Here’s another debut from another M band. This time it comes courtesy of Denton act Moniker. They’ll soon be releasing their EP On a Friday, and The Ghost is fortunate enough to have your first sample of said EP. The title “Sludge Tub” may not sound appetizing. The title may also evoke images of heavy sludge a la Hawk vs. Dove or Wo Fat. Their sound is not as heavy as either bands, and it’s a much more fun song that the title might suggest. Moniker combines elements of garage rock with a sharp indie edge that feels smart, but never so smart that one has to work to appreciate it. No, this is a “Sludge Tub” that anyone can (and will) feel comfortably diving in.
Want more M music? Maybe some Mora Collective might be music to your ears. The experimental jazz band is back with a new album. In some ways, Destroyed in Translation feels a bit more focused than their previous works. “Gun” is certainly a short track for them, clocking in at a hare under four minutes. The melody also wanders less than most of the Mora Collective tracks. Not to worry, however, as the band’s spacy yet intensive vibe remains fully in tact. If Mora Collective is aiming for a focused yet far out musical journey, you can hear how “Gun” hits its target.
Wrapping up the M theme is Dallas singer-songwriter Karyna Micaela. She recently shared a demo track called “Crazy Stupid Love”, which will appear on her next album. Karyna stressed to me that this track is only a demo, yet I’m inclined to say that this demo exceeds any track from her last EP, Everyday Surprises. If this is what a demo sounds like, maybe the fully produced version should be called “Crazy Stupid Amazing”.
You know, come to think of it, Sesame Street also received sponsorships from numbers in addition to letters. So perhaps 63 should be a sponsor of this post. You know, like The Prof.Fuzz 63. This is another demo for your ears. Unlike the previous effort from Karyna Micaela, however, this is not a refined demo that could pass as an album track. No, this song is a blatant demo, warts and all. Still, the melody of “Jazz Hands” is strong enough that it comes through past any recording “imperfections” present below. With a little love from a good producer and mixer, “Jazz Hands” could be pretty darn amazing.

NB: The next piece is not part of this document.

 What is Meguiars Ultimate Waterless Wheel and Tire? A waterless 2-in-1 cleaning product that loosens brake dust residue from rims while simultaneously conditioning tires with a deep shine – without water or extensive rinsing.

I hinted awhile back to an upcoming release from State Fair Records. It comes courtesy of the soulful and jazzy group Bree & The Fellas. This is a track that hit me hard on first listen. Bree’s voice is sultry, cool, and everything you’d want from a jazz singer. This is an immensely talented woman accompanied by a strong band, and the music that results is powerful. So powerful, in fact, that The Ghost is having a rare moment where the words are failing him. Just listen to “Girl from the Moon” and see if it hits you as hard as it did me.

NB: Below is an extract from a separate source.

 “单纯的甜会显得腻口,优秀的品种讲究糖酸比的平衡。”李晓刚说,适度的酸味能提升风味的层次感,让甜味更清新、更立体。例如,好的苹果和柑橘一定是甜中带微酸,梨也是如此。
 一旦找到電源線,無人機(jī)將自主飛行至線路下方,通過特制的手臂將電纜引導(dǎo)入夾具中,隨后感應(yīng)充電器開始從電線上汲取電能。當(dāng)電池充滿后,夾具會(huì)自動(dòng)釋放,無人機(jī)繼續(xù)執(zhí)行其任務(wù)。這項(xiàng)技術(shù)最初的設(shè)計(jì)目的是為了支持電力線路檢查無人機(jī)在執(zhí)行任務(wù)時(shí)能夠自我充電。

Honor System puts out its fair share of tracks on their Soundcloud page, and they’re consistently solid tunes. Yet there’s something about “Light Trails” that captured me more than usual. It’s all the dreamy, retro styled electronica that one would expect from Honor System, just more so and stronger.

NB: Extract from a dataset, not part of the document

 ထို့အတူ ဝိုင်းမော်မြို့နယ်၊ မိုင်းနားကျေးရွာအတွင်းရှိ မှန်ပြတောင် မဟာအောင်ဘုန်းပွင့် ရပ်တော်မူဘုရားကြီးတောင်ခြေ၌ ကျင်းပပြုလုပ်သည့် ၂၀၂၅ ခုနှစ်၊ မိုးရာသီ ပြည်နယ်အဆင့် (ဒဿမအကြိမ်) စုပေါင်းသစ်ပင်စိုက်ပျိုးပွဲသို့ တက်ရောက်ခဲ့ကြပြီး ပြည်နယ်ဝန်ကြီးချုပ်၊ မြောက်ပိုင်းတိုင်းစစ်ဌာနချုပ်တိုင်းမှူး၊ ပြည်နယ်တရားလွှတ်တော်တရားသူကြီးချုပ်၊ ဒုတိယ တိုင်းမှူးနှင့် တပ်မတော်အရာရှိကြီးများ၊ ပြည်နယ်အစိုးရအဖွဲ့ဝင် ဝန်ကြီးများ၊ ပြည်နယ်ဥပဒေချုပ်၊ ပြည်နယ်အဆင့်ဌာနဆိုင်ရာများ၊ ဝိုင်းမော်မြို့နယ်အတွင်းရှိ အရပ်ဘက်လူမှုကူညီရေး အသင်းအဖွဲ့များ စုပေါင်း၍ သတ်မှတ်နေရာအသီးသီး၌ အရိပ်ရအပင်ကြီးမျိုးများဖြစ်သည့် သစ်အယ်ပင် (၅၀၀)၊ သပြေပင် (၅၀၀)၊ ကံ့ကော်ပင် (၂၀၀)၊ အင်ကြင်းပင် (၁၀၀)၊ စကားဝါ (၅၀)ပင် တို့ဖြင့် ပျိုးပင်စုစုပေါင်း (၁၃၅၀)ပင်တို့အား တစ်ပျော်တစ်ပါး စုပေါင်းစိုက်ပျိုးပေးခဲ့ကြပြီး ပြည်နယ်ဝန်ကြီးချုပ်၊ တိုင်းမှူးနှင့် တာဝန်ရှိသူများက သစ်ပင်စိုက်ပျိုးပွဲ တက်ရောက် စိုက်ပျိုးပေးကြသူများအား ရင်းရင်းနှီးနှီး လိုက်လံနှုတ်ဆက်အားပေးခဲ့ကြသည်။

Austin’s East Cameron Folkcore will release the physical CD of their Fossils EP in September, but you can get the mp3’s on Bandcamp now. ECF states the EP is “a stripped down live acoustic record that is a mix of old songs never released as well as some skeletons…dusted off and brought back to life.” I’m not sure whether the opening track, “Son”, falls into the former or latter category. Either way, it’s definitely an enjoyable listen.
Corusco hails from College Station, but the band will be up in Dallas this Friday. They’ll play The Door for their EP release show for Don’t Give Up, a nice collection of indie pop-rock ditties in a similar vein to Valise, Northern National, and the like. For a taste of their indie sweetness, take a bite of “Sugar Cube”.
Finally, I present to you Austin rapper D.O.S. and a track from his EP, Dillinger Arts. Fans of old school soul samples and quick, sharp rhymes will definitely enjoy the EP and its opening track, “Voodoo”.